_Task instructions_
Print each entry again exactly as written, and keep the pictures out.

_Entries provided_
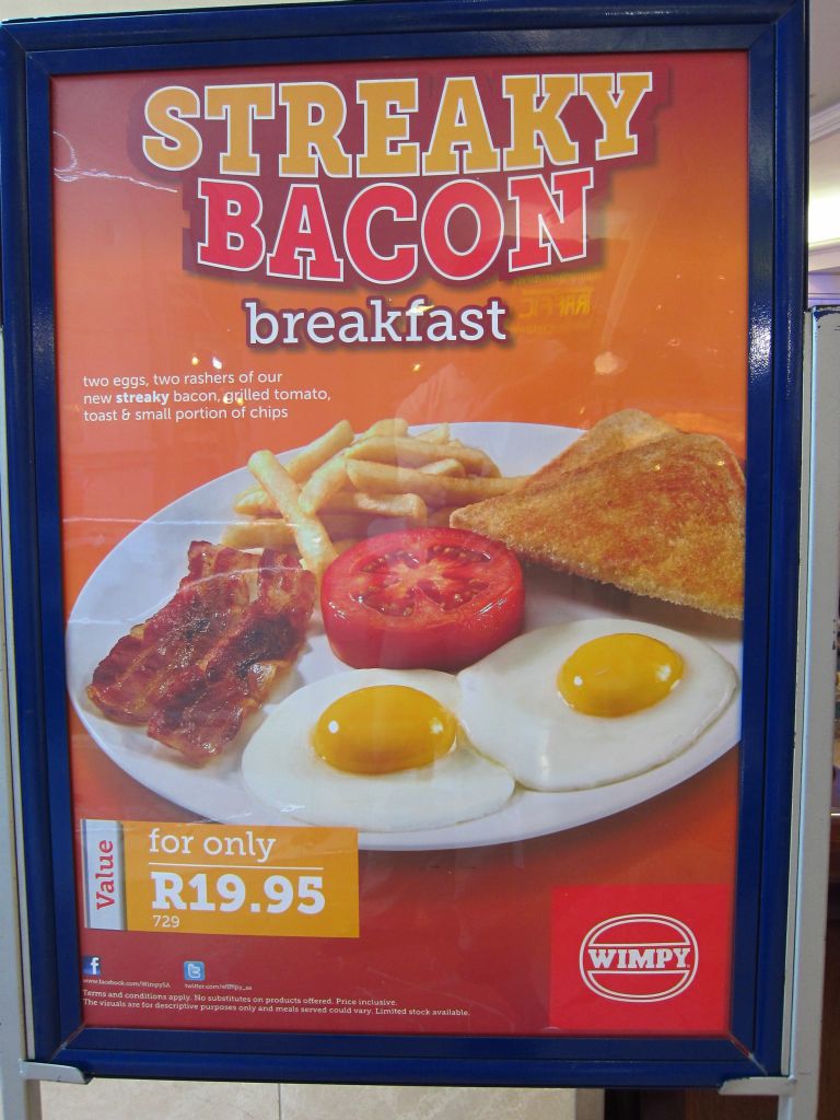 Da ich zu viel Reise und daher während meiner Reisen auf meine Ausgaben achten muss, aß ich häufig morgens, mittags und abends das “Spar-Frühstück” bei der englischen Fast-Food Kette Wimpy. Für 20 Rand, also ca. 1,80 € erhielt ich einen Teller mit zwei Streifen Speck, zwei Eiern, ein paar Pommes Frites, zwei Scheiben Toast und etwas Butter und Marmelade. Ein sagenhaftes Preisleistungsverhältnis.
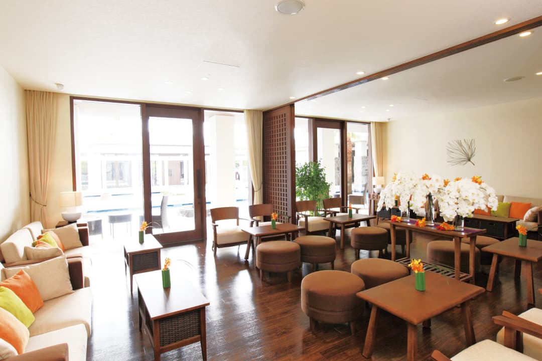 オリエンタルなデザイン、心地よい水の音、ほのかに漂うアロマの香りと、五感でリゾートを感じられる贅沢なロビー。クロークも完備し、ゲストの皆さまを充実の設備でお迎えいたします。
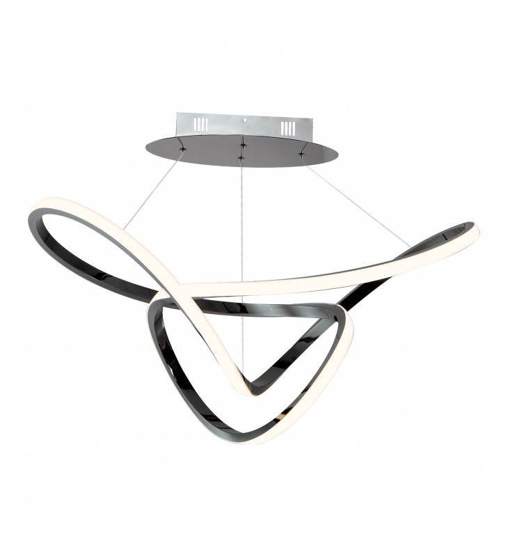 Sweeping lines curve and curl in a continuous motion, finished in a rich Brushed Champagne or Black Chrome. Not just a lighting fixture but a sculptural work of art. Gentle illumination moves in all directions for a dramatic lighting effect.
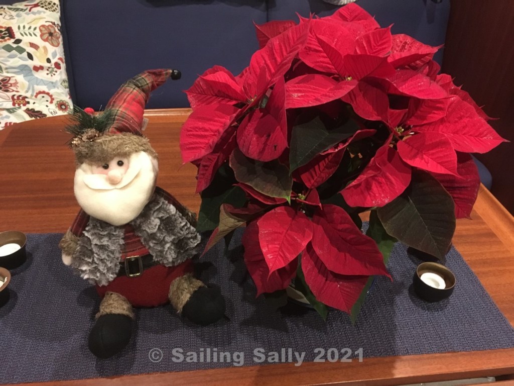 A little over a week after we got back from sailing in Spain, it’s time to celebrate Christmas Eve and the Christmas decorations are brought out on Sally.
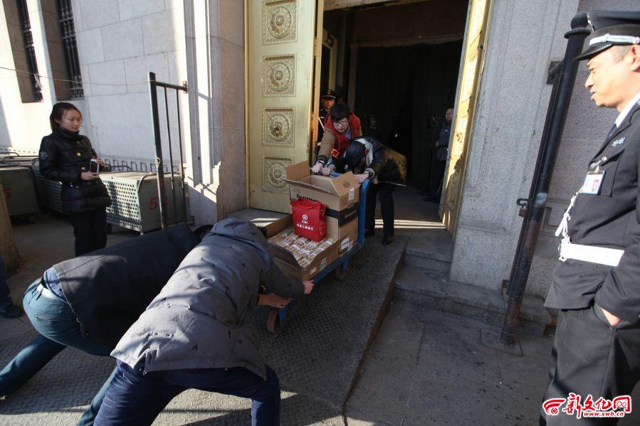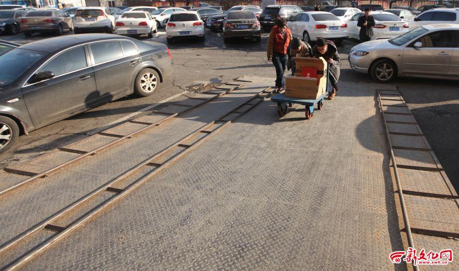 5万枚1元硬币重达600多斤,把钱运进银行是个大工程。小李和随行的两个朋友把硬币装到银行借用的一辆平板车上,通过一处坡道推进银行大门。来源:新文化网
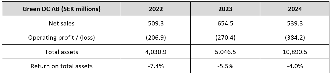 Green DC AB’s filed Swedish accounts show the underlying business going the other direction:

_Task solution_
 Da ich zu viel Reise und daher während meiner Reisen auf meine Ausgaben achten muss, aß ich häufig morgens, mittags und abends das “Spar-Frühstück” bei der englischen Fast-Food Kette Wimpy. Für 20 Rand, also ca. 1,80 € erhielt ich einen Teller mit zwei Streifen Speck, zwei Eiern, ein paar Pommes Frites, zwei Scheiben Toast und etwas Butter und Marmelade. Ein sagenhaftes Preisleistungsverhältnis.
 オリエンタルなデザイン、心地よい水の音、ほのかに漂うアロマの香りと、五感でリゾートを感じられる贅沢なロビー。クロークも完備し、ゲストの皆さまを充実の設備でお迎えいたします。
 Sweeping lines curve and curl in a continuous motion, finished in a rich Brushed Champagne or Black Chrome. Not just a lighting fixture but a sculptural work of art. Gentle illumination moves in all directions for a dramatic lighting effect.
 A little over a week after we got back from sailing in Spain, it’s time to celebrate Christmas Eve and the Christmas decorations are brought out on Sally.
 5万枚1元硬币重达600多斤,把钱运进银行是个大工程。小李和随行的两个朋友把硬币装到银行借用的一辆平板车上,通过一处坡道推进银行大门。来源:新文化网
 Green DC AB’s filed Swedish accounts show the underlying business going the other direction:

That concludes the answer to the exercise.